━━ Entries shown
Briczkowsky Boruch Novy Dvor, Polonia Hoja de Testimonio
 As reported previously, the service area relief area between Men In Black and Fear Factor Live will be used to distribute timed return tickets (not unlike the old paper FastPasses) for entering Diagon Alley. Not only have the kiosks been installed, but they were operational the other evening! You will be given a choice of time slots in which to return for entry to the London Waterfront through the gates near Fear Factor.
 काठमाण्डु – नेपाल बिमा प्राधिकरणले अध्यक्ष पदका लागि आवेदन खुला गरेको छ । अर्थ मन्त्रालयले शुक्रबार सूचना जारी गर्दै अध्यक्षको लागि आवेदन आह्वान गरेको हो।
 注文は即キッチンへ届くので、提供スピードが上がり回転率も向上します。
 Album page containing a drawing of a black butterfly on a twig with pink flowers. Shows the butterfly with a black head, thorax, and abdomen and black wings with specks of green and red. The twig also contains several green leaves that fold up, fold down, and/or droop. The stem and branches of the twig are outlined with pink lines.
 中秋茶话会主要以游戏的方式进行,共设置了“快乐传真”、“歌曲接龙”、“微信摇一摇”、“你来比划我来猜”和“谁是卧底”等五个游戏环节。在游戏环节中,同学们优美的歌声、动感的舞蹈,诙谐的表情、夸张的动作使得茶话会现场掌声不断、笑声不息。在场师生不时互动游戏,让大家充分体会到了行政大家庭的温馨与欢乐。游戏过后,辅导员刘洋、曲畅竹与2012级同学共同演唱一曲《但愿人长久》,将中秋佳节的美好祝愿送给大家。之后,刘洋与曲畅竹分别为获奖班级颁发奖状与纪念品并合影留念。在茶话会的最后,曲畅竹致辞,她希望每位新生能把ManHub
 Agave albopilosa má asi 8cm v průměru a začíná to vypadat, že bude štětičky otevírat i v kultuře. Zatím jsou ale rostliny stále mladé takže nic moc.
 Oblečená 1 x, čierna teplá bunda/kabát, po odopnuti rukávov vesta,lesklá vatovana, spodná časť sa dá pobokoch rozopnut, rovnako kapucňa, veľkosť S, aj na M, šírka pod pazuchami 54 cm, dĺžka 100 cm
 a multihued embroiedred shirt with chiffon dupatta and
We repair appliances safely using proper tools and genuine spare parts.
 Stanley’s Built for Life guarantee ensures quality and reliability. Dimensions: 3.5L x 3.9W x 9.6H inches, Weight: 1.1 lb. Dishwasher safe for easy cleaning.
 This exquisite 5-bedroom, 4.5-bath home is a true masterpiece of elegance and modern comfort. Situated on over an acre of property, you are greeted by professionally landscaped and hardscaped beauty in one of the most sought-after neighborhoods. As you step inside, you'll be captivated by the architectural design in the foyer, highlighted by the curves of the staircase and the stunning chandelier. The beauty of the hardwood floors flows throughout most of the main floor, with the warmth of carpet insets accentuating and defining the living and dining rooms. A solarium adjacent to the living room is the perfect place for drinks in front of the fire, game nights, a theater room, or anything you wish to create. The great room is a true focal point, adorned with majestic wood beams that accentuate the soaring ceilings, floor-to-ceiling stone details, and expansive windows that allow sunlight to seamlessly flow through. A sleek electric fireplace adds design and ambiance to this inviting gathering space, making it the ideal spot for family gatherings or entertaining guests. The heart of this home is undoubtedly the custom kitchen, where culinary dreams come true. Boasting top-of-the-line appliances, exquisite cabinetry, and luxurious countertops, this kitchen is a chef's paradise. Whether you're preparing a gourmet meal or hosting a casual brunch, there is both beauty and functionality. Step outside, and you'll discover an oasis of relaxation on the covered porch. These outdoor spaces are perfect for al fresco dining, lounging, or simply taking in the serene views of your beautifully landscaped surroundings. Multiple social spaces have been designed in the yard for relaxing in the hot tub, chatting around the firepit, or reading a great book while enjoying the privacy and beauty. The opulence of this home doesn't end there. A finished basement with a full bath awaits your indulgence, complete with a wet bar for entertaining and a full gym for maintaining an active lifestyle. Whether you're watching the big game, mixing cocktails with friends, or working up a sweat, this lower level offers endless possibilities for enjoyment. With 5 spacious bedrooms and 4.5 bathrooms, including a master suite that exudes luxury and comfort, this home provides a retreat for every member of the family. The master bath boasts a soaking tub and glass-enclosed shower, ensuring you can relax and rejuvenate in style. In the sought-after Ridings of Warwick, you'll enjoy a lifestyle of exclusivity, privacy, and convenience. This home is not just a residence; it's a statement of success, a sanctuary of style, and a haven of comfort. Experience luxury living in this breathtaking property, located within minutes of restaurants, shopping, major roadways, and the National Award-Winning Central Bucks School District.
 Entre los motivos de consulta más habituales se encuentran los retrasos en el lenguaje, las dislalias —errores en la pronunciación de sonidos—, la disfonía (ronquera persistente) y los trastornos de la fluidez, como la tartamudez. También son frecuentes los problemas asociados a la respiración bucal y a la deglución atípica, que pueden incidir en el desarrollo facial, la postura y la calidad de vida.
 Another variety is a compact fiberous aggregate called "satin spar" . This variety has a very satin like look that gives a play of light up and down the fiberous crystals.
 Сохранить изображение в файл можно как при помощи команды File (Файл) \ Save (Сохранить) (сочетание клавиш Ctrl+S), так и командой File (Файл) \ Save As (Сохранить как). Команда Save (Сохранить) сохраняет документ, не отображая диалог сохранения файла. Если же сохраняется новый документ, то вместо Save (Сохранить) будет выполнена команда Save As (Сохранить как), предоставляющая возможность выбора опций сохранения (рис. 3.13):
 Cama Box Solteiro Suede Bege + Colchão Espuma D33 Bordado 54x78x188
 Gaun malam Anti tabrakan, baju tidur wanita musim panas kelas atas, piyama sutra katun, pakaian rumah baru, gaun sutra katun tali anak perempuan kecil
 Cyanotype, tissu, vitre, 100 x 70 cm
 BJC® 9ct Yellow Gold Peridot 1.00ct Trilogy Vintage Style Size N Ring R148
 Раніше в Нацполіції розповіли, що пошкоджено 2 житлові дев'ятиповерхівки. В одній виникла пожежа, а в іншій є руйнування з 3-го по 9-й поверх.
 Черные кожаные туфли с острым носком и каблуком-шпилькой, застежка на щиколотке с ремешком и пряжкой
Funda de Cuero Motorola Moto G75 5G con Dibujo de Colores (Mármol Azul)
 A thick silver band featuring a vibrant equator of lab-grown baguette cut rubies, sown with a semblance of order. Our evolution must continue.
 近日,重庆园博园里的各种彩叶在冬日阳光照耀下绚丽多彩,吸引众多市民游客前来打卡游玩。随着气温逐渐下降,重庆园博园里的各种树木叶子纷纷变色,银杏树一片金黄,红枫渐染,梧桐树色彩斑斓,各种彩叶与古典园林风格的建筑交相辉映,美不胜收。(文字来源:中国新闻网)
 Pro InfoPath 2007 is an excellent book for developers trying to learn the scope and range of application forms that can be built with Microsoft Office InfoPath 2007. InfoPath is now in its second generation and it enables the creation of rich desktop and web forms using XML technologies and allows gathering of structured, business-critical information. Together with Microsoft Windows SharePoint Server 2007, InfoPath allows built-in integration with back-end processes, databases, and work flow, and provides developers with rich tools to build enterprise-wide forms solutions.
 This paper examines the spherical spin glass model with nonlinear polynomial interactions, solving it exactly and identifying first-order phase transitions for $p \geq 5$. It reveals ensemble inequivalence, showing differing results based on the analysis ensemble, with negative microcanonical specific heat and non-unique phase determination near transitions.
━━━━
- [Your task]:
Whenever the string "tools" shows up in a line above, copy that line.

- [Solution to this task]:
We repair appliances safely using proper tools and genuine spare parts.
 Pro InfoPath 2007 is an excellent book for developers trying to learn the scope and range of application forms that can be built with Microsoft Office InfoPath 2007. InfoPath is now in its second generation and it enables the creation of rich desktop and web forms using XML technologies and allows gathering of structured, business-critical information. Together with Microsoft Windows SharePoint Server 2007, InfoPath allows built-in integration with back-end processes, databases, and work flow, and provides developers with rich tools to build enterprise-wide forms solutions.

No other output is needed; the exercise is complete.